Friday, April 15, 2011

Bad analysis by "Vivienne Parry, a highly respected scientific journalist" of the PACE trial



by tonybritton on April 15, 2011:

The Association of Young People with ME (AYME) invited respected journalist and broadcaster Vivienne Parry to write an independent article on the PACE Trial in light of the controversy that surrounds it and the use of graded exercise therapy and cognitive behavioural therapy with this condition.

Vivienne Parry is a highly respected scientific journalist, best known for her broadcasting for Radio 4 where she presents many medical science programmes. In the New Year’s Honours 2011, she was awarded the OBE for services for the public understanding of science. Below is Vivienne Parry’s analysis of the PACE trial written exclusively for the LINK publication.

ME/CFS is a disease which has far too little time and money spent on it. And whilst research on its cause, or more likely its many causes, is still in its infancy, the need for better treatments for those who are affected today by this dreadful condition is acute.

Thanks to the PACE trial, the largest ever study of ME/CFS treatments whose results were published in March, we at least now know for sure that there are two treatments – graded exercise therapy (GET) and cognitive behavioural therapy (CBT) – that are safe and moderately effective.

But the trial outcome didn’t go down well in the ME/CFS community with the result condemned as ‘disappointing and surprising’ by some organisations, although it was welcomed by AYME. I want to take a look at those comments but let me first refresh your memories on what the trial involved and why it was carried out.

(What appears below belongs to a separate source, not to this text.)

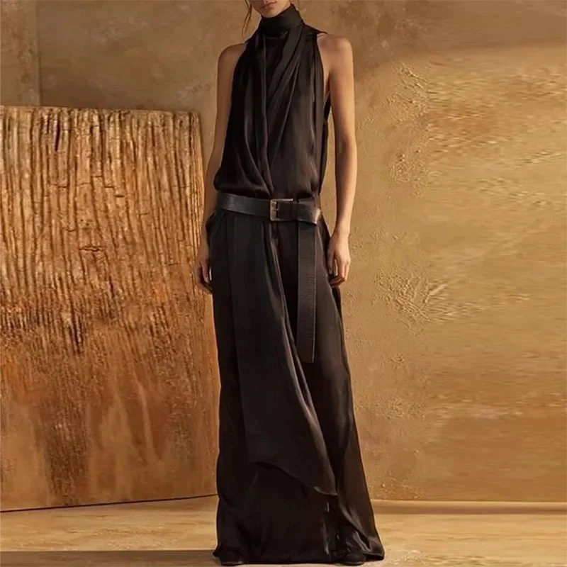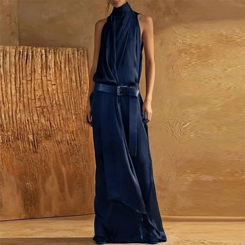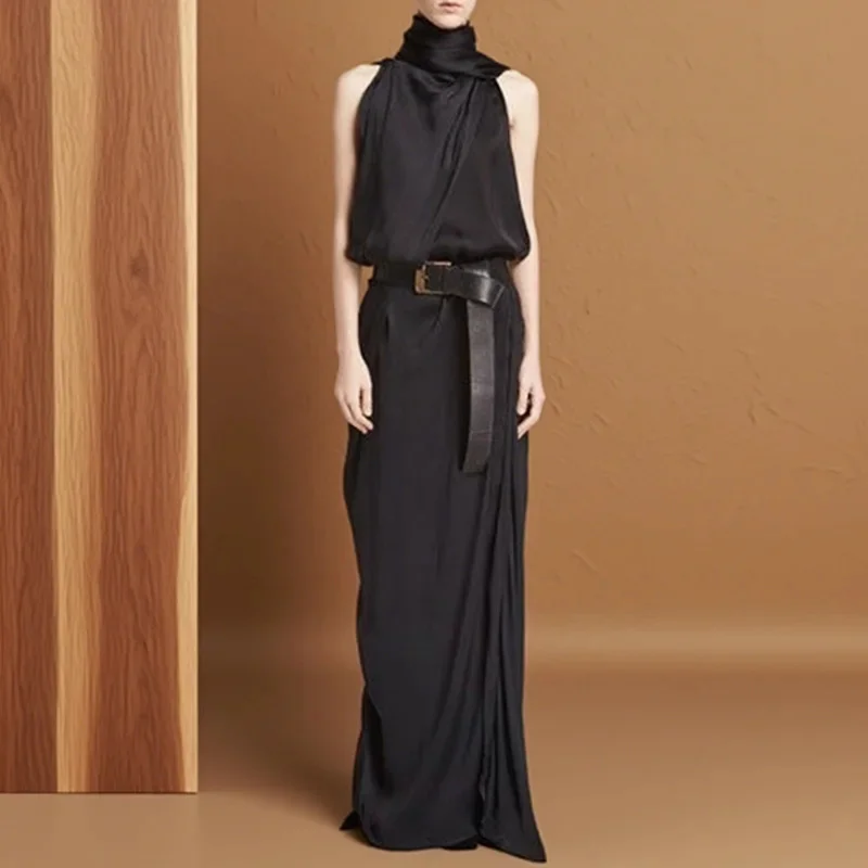 Elegant Slim Fit Sashes Waist Irregular Vacation Dress Chic Solid Folds Office Lady Dress Summer Turtleneck A-Line Party Dresses

Back in 2003, patient groups were concerned that cognitive behavioural therapy (CBT) and graded exercise therapy (GET) might do more harm than good. They favoured pacing (a way of adapting available energy to daily life with the help of a diary) along with specialist medical care but this had not been subject to a large scale trial. The only way to find out for sure which was the best treatment and whether there were any safety problems was to do a large randomized trial of the various treatments. A randomised trial means that neither eligible patients nor their doctors have a choice about their treatment; a computer randomly allocates them to one of those being trialled. This trial could not be blinded (no-one knows who’s had what treatment) because the treatments are so obviously different but it was blinded as far as those who were analysing the results were concerned. This was as rigorous a study as it is possible to have.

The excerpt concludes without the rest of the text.